::: Given entries :::
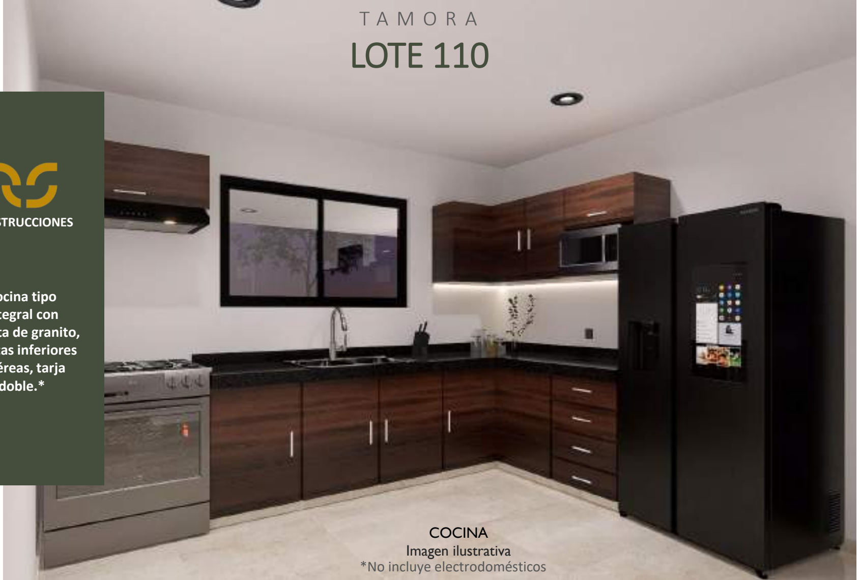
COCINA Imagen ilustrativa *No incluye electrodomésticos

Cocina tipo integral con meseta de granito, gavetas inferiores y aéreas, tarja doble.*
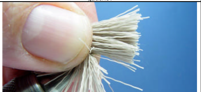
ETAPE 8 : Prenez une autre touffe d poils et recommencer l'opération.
:::
::: Given entries :::
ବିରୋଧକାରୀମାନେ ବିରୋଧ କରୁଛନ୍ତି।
:::
In the listing above, find the line with "Cocina tipo integral" and the line with "ETAPE 8 : Prenez". Transcribe those two and everything between, exactly, leaving out pictures.

Cocina tipo integral con meseta de granito, gavetas inferiores y aéreas, tarja doble.*
ETAPE 8 : Prenez une autre touffe d poils et recommencer l'opération.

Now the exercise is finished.